_DATA TO PROCESS_.
━━━

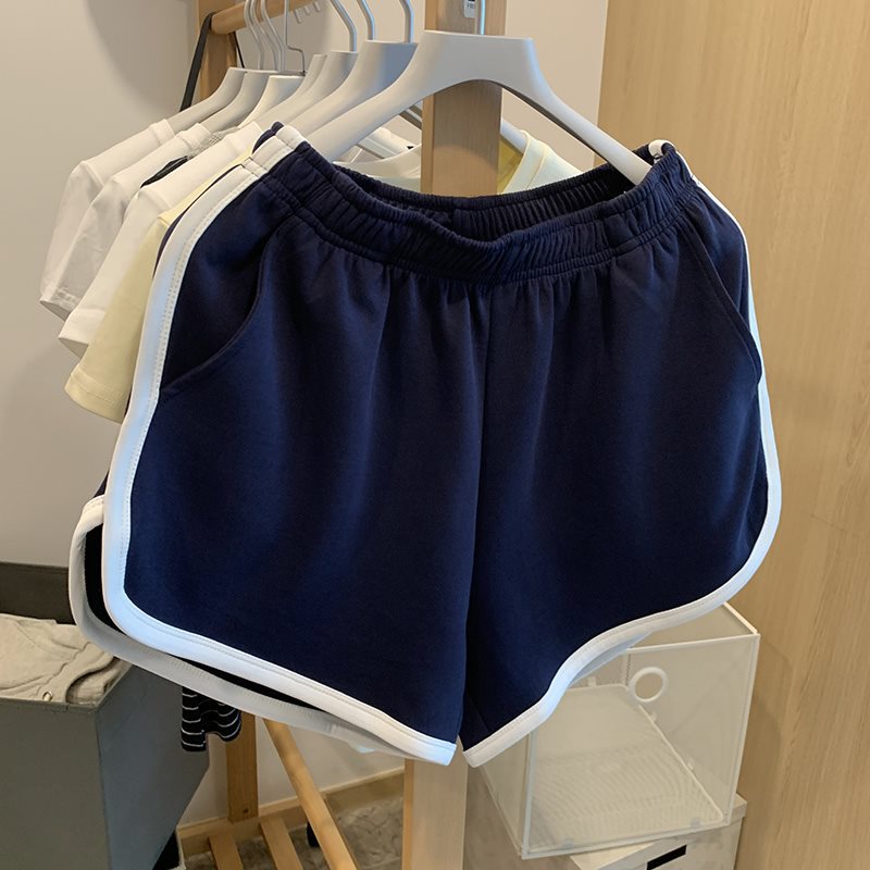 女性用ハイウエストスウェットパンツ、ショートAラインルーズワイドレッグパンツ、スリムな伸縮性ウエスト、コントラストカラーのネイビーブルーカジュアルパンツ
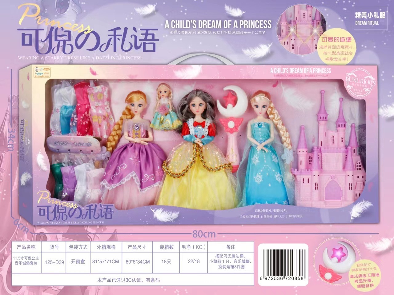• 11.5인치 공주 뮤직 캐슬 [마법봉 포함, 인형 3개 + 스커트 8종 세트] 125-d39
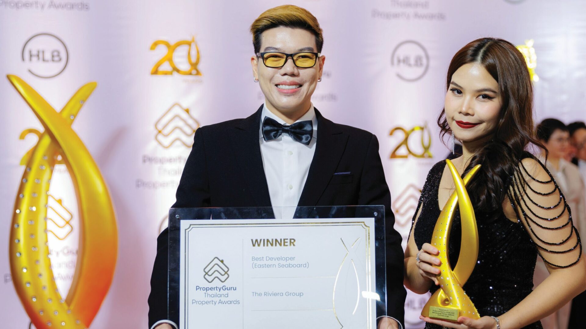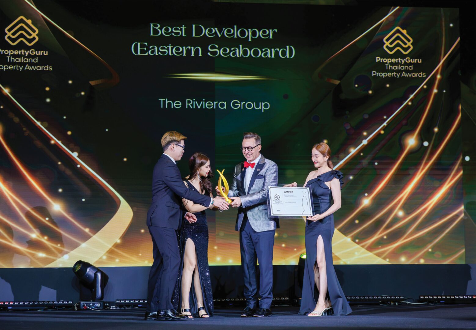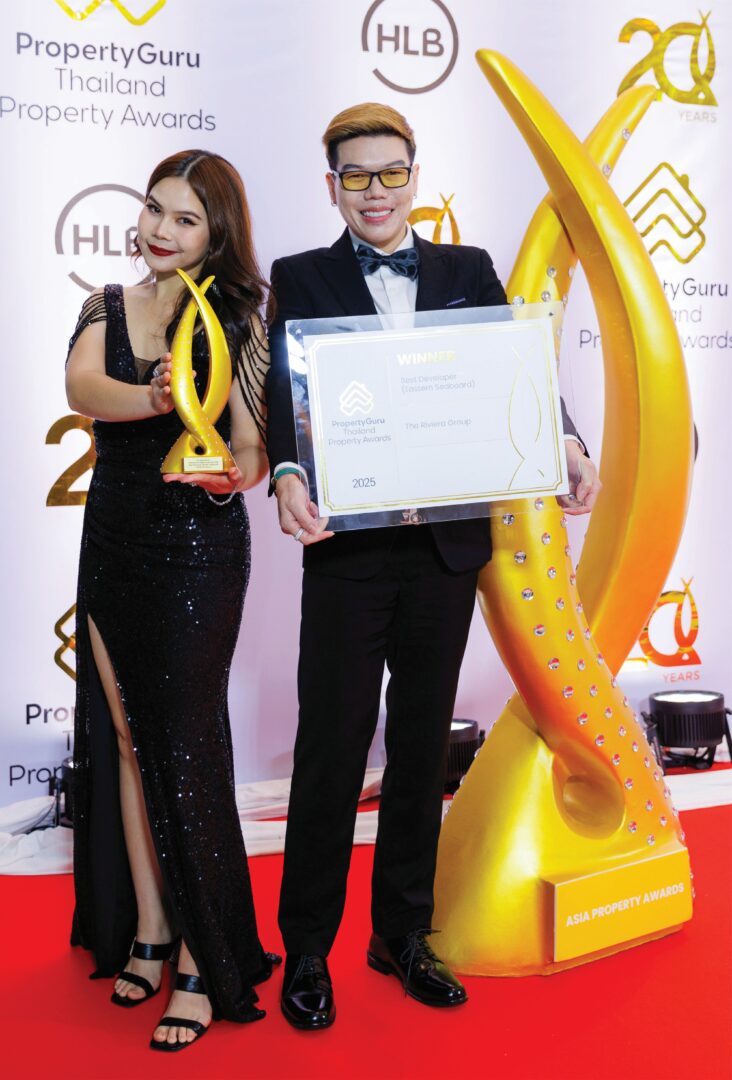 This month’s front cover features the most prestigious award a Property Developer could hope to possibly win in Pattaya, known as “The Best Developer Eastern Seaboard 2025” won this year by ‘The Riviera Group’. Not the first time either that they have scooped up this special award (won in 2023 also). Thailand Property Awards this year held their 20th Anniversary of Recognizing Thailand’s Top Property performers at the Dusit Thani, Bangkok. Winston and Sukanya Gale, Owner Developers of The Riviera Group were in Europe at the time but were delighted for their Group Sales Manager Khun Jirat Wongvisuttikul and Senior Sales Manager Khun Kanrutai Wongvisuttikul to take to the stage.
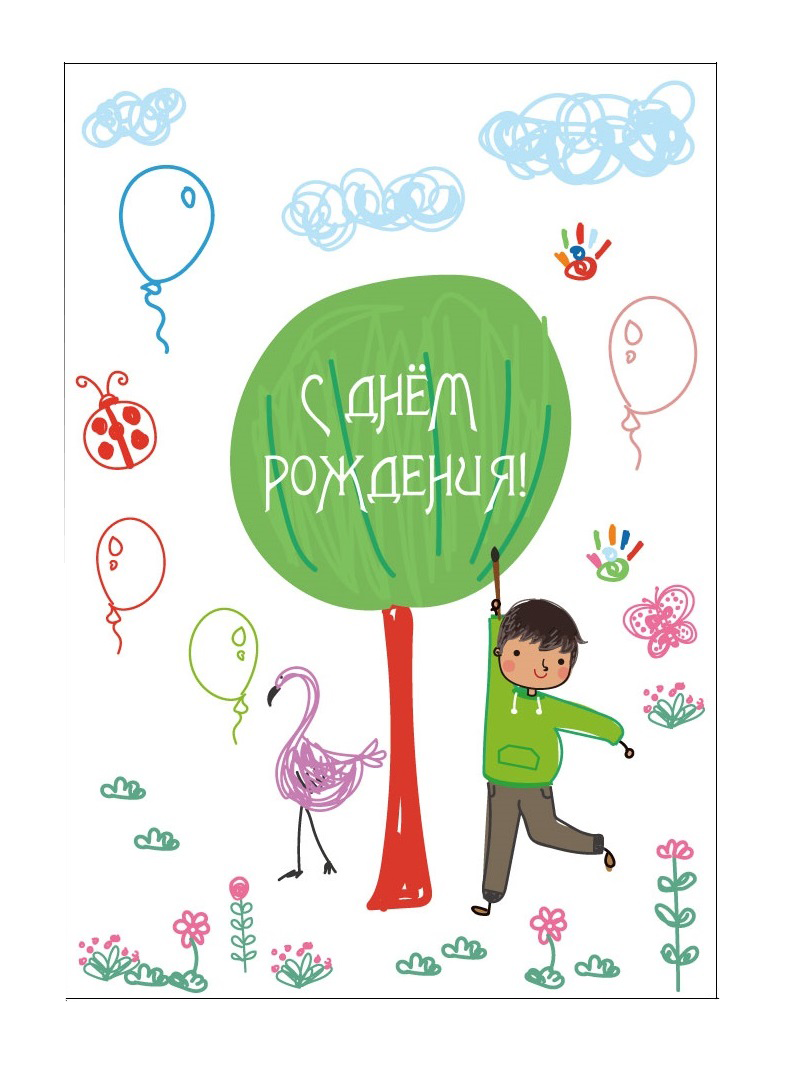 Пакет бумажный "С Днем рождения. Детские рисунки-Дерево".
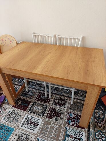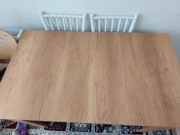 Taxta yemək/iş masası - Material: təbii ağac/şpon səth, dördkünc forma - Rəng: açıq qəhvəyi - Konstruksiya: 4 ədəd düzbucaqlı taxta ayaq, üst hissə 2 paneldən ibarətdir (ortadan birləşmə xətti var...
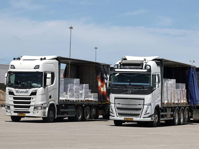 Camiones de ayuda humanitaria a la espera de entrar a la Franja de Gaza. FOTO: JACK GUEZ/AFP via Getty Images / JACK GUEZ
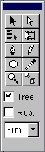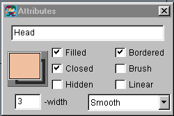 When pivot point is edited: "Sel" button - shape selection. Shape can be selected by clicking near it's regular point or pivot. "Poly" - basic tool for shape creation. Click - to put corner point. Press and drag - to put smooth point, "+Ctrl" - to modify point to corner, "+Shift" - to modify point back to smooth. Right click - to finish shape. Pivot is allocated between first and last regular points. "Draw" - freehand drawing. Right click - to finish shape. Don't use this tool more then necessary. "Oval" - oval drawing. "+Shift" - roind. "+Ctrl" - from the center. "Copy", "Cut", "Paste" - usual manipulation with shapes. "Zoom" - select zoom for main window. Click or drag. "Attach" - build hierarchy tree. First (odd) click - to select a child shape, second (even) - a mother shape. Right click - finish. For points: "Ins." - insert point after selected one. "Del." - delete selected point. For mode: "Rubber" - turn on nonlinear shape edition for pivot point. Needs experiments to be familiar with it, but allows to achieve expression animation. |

━━━

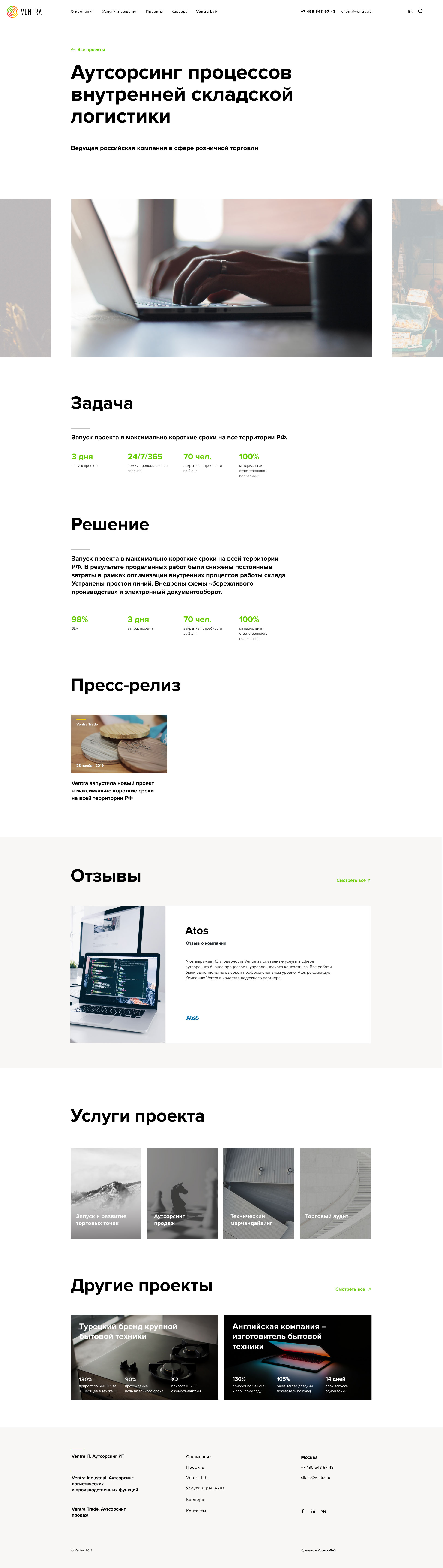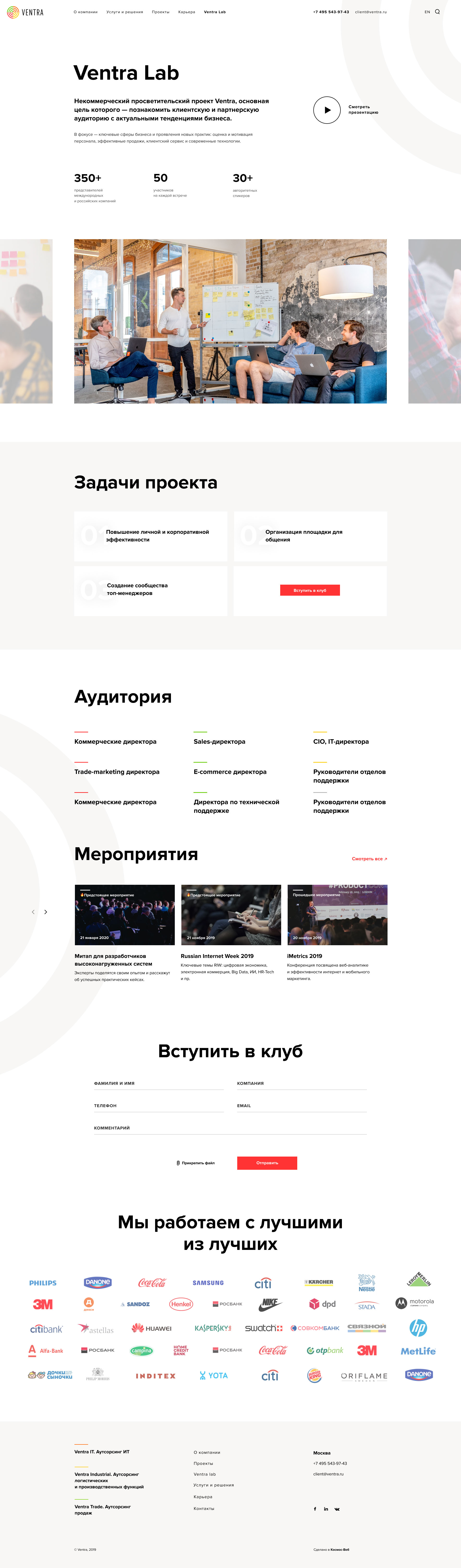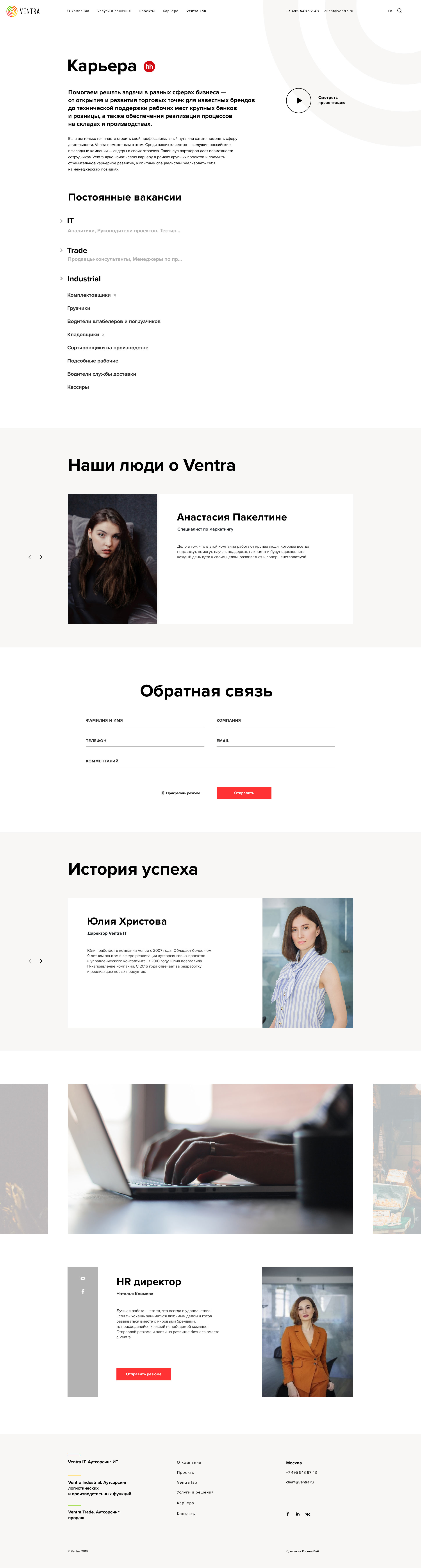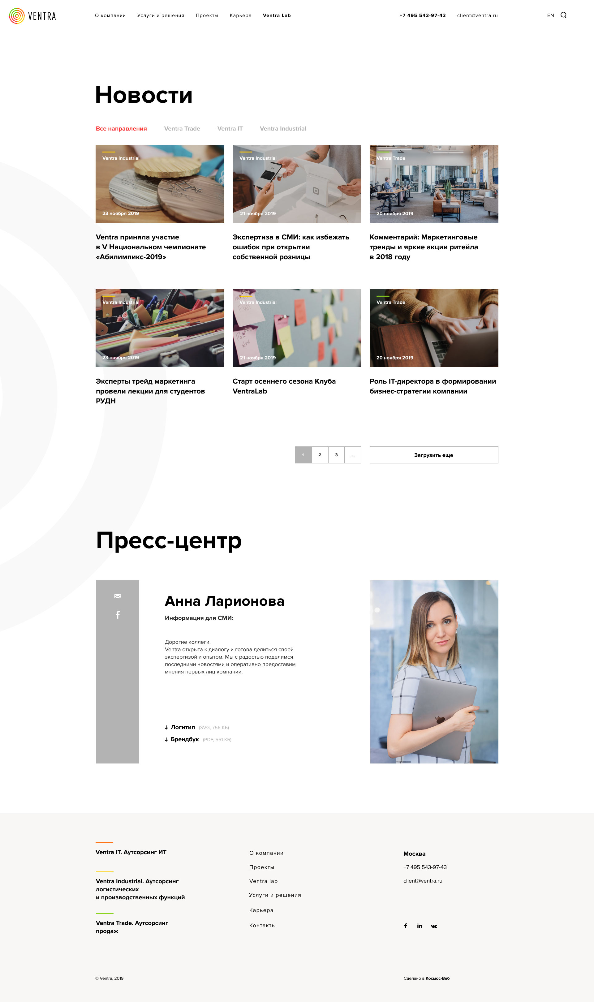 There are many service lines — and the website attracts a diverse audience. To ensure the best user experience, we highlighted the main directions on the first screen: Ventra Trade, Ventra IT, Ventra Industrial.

━━━

The result should be an exact copy of only the lines above from the one that holds "女性用ハイウエストスウェット" through the one that holds "8종 세트] 125-d39", both ends included, without pictures.

_RESULT FOR THIS TASK_.
 女性用ハイウエストスウェットパンツ、ショートAラインルーズワイドレッグパンツ、スリムな伸縮性ウエスト、コントラストカラーのネイビーブルーカジュアルパンツ
• 11.5인치 공주 뮤직 캐슬 [마법봉 포함, 인형 3개 + 스커트 8종 세트] 125-d39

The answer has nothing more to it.